Barrero Guevara Laura Andrea, Kramer Sarah C, Kurth Tobias, Domenech de Cellès Matthieu
Max Planck Institute for Infection Biology, Infectious Disease Epidemiology Group, Campus Charité Mitte, Berlin, Germany.
Institute of Public Health, Charité-Universitätsmedizin Berlin, Berlin, Germany.
Nat Ecol Evol. 2025 Feb;9(2):349-363. doi: 10.1038/s41559-024-02594-3. Epub 2024 Nov 25.
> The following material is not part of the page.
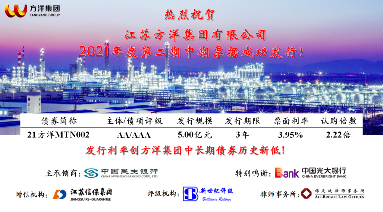 今年以来,万象城(中国)始终坚持疫情防控和企业发展“两手抓”,持续发扬“坚韧、尽责、高效、创新”的徐圩精神,各大主营业务板块齐头并进,重大产业配套项目陆续投产达效。截至2021年8月,万象城(中国)注册资本已达110亿元,资产总额突破900亿元,净资产突破290亿元,营业收入突破65亿元。 本次中期票据的成功发行,表明广大投资者对万象城(中国)战略转型的高度认可,对连云港国家级石化基地多年来高速发展的积极肯定。下一步,万象城(中国)将继续深耕境内外资本市场,保持发改委、交易商协会、上海交易所、香港联交所等主要直融发行渠道全覆盖,以资本运营能力、项目管理能力和服务能力为核心竞争力,力争打造成为一个富有实力、充满活力的国内一流产业园区开发、建设、运营综合服务提供商。

A pressing question resulting from global warming is how climate change will affect infectious diseases. Answering this question requires research into the effects of weather on the population dynamics of transmission and infection; elucidating these effects, however, has proved difficult due to the challenges of assessing causality from the predominantly observational data available in epidemiological research. Here we show how concepts from causal inference-the sub-field of statistics aiming at inferring causality from data-can guide that research. Through a series of case studies, we illustrate how such concepts can help assess study design and strategically choose a study's location, evaluate and reduce the risk of bias, and interpret the multifaceted effects of meteorological variables on transmission. More broadly, we argue that interdisciplinary approaches based on explicit causal frameworks are crucial for reliably estimating the effect of weather and accurately predicting the consequences of climate change.
全球变暖引发的一个紧迫问题是气候变化将如何影响传染病。回答这个问题需要研究天气对传播和感染的种群动态的影响;然而,由于从流行病学研究中现有的主要观测数据评估因果关系存在挑战,阐明这些影响已被证明是困难的。在这里,我们展示了因果推断(旨在从数据中推断因果关系的统计学子领域)中的概念如何指导该研究。通过一系列案例研究,我们说明了这些概念如何有助于评估研究设计并从战略上选择研究地点、评估和降低偏差风险,以及解释气象变量对传播的多方面影响。更广泛地说,我们认为基于明确因果框架的跨学科方法对于可靠地估计天气影响和准确预测气候变化的后果至关重要。